The last area of Iranian influence that I mention is in the revenue system enforced by the Mughals. Unlike the independent sultans of Bengal who had maintained revenue records in the Bengali language, the Mughals brought with them an administrative system that was literally weighed down by Persian terms, expressions and systems. This was essential as the Mughals believed in regularly transferring their highest officers from province to province and Persian was insisted upon as the only common language. It was used by their senior officers throughout the empire and this Persian speaking elite of the Mughal administration left its indelible stamp on Bengal. This is evident in land revenue, village life, court affairs, the judiciary, the police and the army — in fact, on the entire political, economic and social life of Bengal. Persianisation was further reinforced by Murshid Quli Khan in the first decade of the 18th century, when he set up his independent Nawabi of Bengal soon after Aurangzeb’s death. He gave high revenue posts to those Hindus who were well versed in Persian administrative practice and this set a chain reaction down different levels of Bengali Hindus and Muslims, to learn Persian and adopt the Persian way of life — from the Rajas and zamindars to the munshis and keranis.

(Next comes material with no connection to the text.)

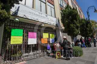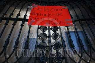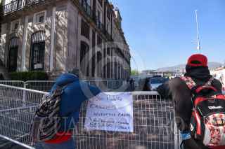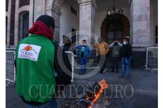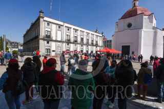 TOLUCA, ESTADO DE MÉXICO, 22DICIEMBRE2021.- Por tercer día consecutivo trabajadores del ayuntamiento de Toluca continuaron con bloqueos en la capital mexiquense así como el resguardo de oficinas de este municipio, para garantizar se realice el pago de sus quincenas atrasadas, aguinaldo y primas vacacional que les continúa adeudando la administración del presidente municipal Juan Rodolfo Sánchez Gómez. FOTO: CRISANTA ESPINOSA AGUILAR /CUARTOSCURO.COM

Finally, we come to the British who adopted this Persian framework of administration, land revenue and justice after the Battle of Buxar and the award of the Dewani of Bengal, Bihar and Odisha. In fact, instead of setting up a typically British system of administration, the British took a lot of pains to learn the complicated Persian terms and nuances of post-Mughal and Nawabi Bengal. Though British concepts replaced and modified revenue and criminal administration in very slow steps, it never emerged fully independent of the Persian administrative paradigm. I can vouchsafe and say that where district administration and land revenue are concerned, they remain considerably immersed in the culture of Persian administration that was introduced by Akbar and Todar Mal more than four centuries after they did so.
The influence of Persian language, culture, military and administration is just too deep in Bengal’s life and history to admit any debate. Our life is so immersed in them and they are so inextricably a part of our blood that we often do not even choose to remember the original Persian ancestry of this culture. It consists of words, terms, phrases, institutions, attitudes, responses and beliefs. They are, in fact, the very hallmarks of our plural culture and it is only the very myopic and extremely foolish who attempt to classify our genes as local and imported, Indian and foreign, Hindu and Mussalman.
References
- J. Deyell, “The China Connection: Problems of Silver Supply in Medieval Bengal,” in J. F. Richards, ed., Precious Metals in the Later Medieval and Early Modern Worlds, Durham, 1983, pp. 207-24.
- G. M. Hilali, Perso-Arabic Elements in Bengali, Dacca, 1967.
- Abdul Karim, Corpus of the Muslim Coins of Bengal, Asiatic Society of Pakistan, Publication no. 6, Dacca, 1960.
- Ma Huan, Ying-yai Sheng-lan: “The Overall Survey of the Ocean’s Shores,” tr. J. F. G. Mills, Cambridge, 1970.
- Murshid, Ghulam. 2018. Bengali Culture over a Thousand Years. Delhi, Niyogi Books.